About the job
The Cloud Operation Engineering business function is responsible for ensuring that Basware continues to provide its customers with industry-leading SaaS solutions to simplify operations and spend smarter. You will be responsible for the execution of incident management process while ensuring system availability and performance. In this role, you will lead troubleshooting efforts, perform investigations into complex operational issues, and contribute to the continuous improvement of processes. This role requires sound knowledge of cloud environments, computer networking, system administration, and security practices.
Key Responsibilities:
- Incident Management
- Good understanding of ServiceNow ITSM tool for the processing of catalogued service requests in our SaaS offerings.
- Problem Management:
- Take ownership of cloud incident response, including troubleshooting, root-cause analysis, and resolution of complex issues impacting service availability.
- Collaborate with cross-functional teams to drive resolution of service outages.
- Cloud Technology:
- Ensure high availability and scalability of cloud-based services by implementing best practices for monitoring, performance tuning, and incident response.
- Networking:
- Lead troubleshooting of complex networking issues affecting cloud performance.
- System Administration:
- Perform administration of Linux and Windows Server environments in cloud platforms.
- Database:
- Proficiency in SQL and Oracle for implementing database change requests.

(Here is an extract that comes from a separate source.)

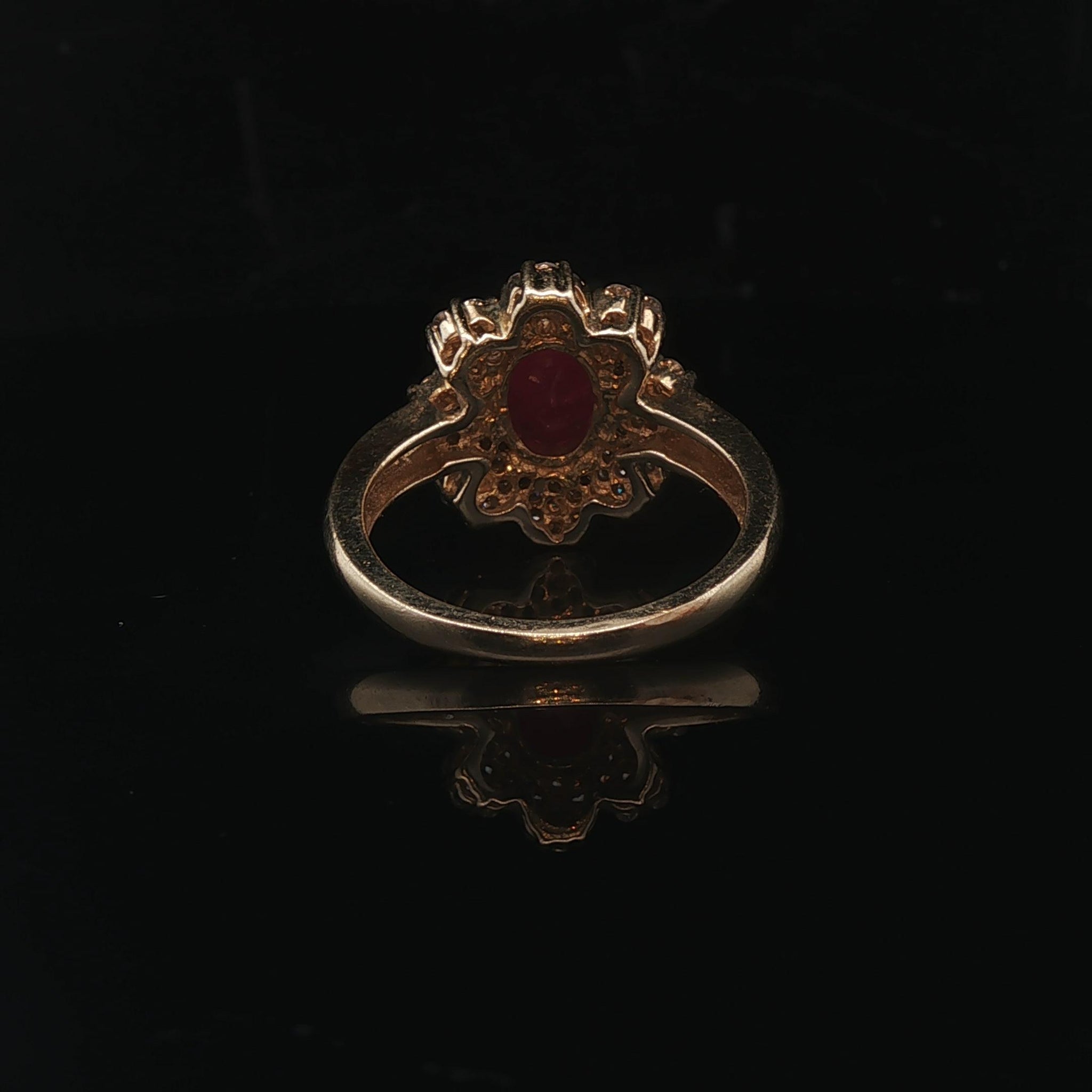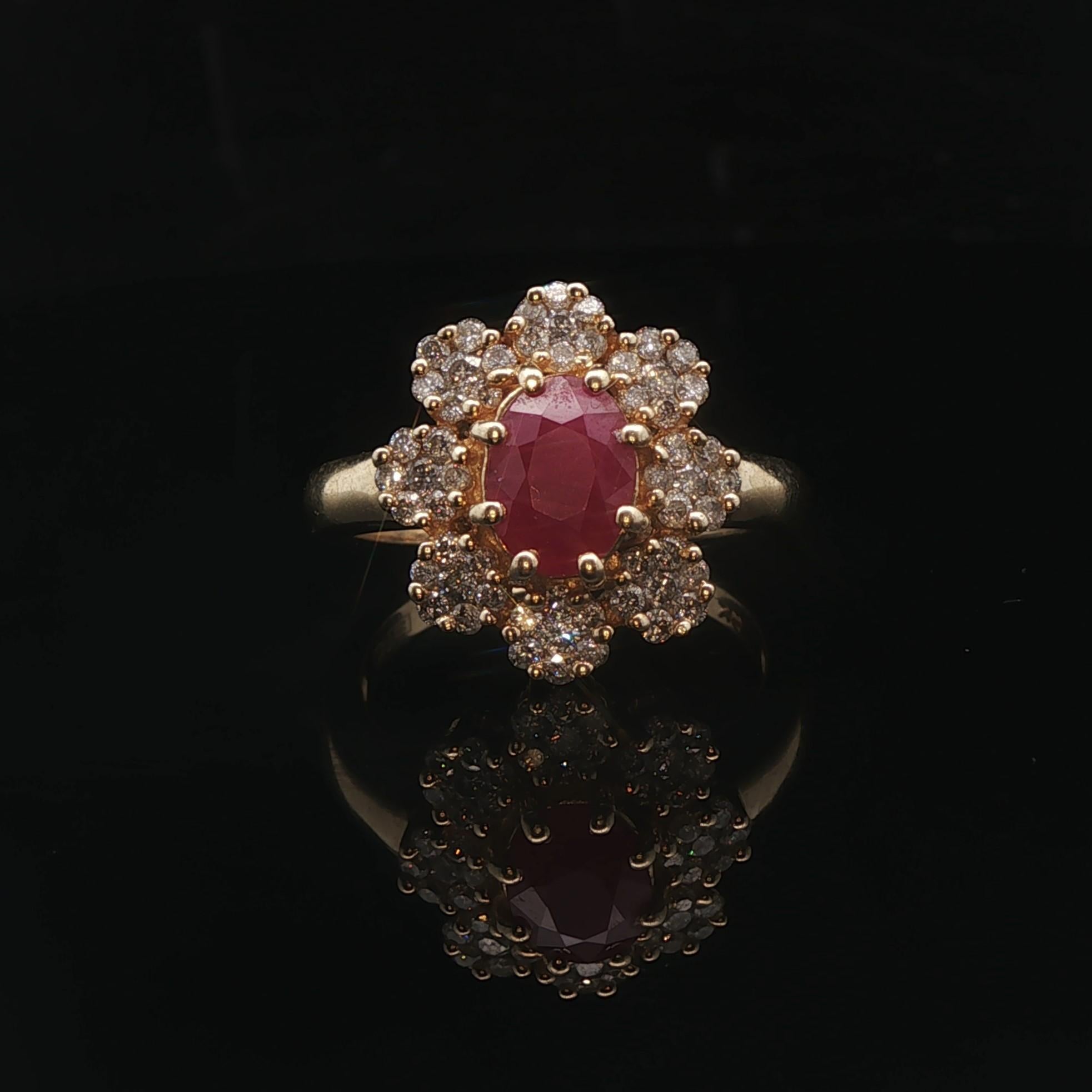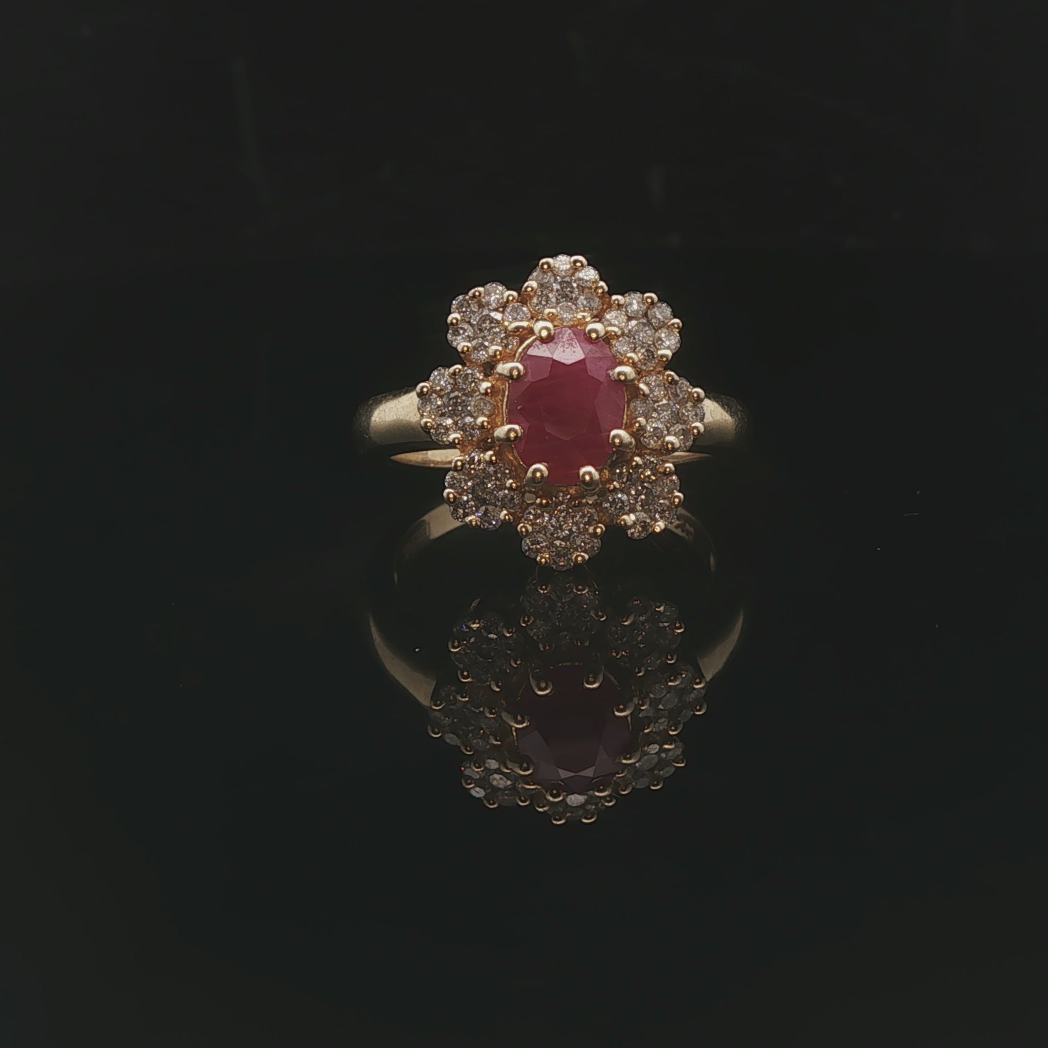 Effy 14k Yellow Gold Ruby and Diamond Halo Floral Ring Size 7.5

- SFTP and Secure Transfers:
- Lead the troubleshooting of SFTP issue, ensuring secure and seamless file transfer processes.
- SSO and Authentication:
- Oversee the implementation and maintenance of Single Sign-On (SSO) systems, ensuring secure and efficient user access management across cloud environments.
- Monitoring and Optimization:
- Utilize Splunk and Dynatrace monitoring tools to ensure optimal performance, availability, and security of cloud systems.
- Proactively identify opportunities for performance improvements and cost optimization.
,
- Bachelor's/Master’s degree in a Technology field with at least 3 years of experience in Cloud Operations supporting production environments and IT management.
- Experience in handling production servers, Problem and Incident Management.
- Experience in troubleshooting platform and infrastructure issues.
- Experience in driving investigations in time-critical situations such as production service outages.
- Proven analytical and investigative skills.
- Self-sufficient, with a pro-active attitude and ability to prioritize and manage workload effectively.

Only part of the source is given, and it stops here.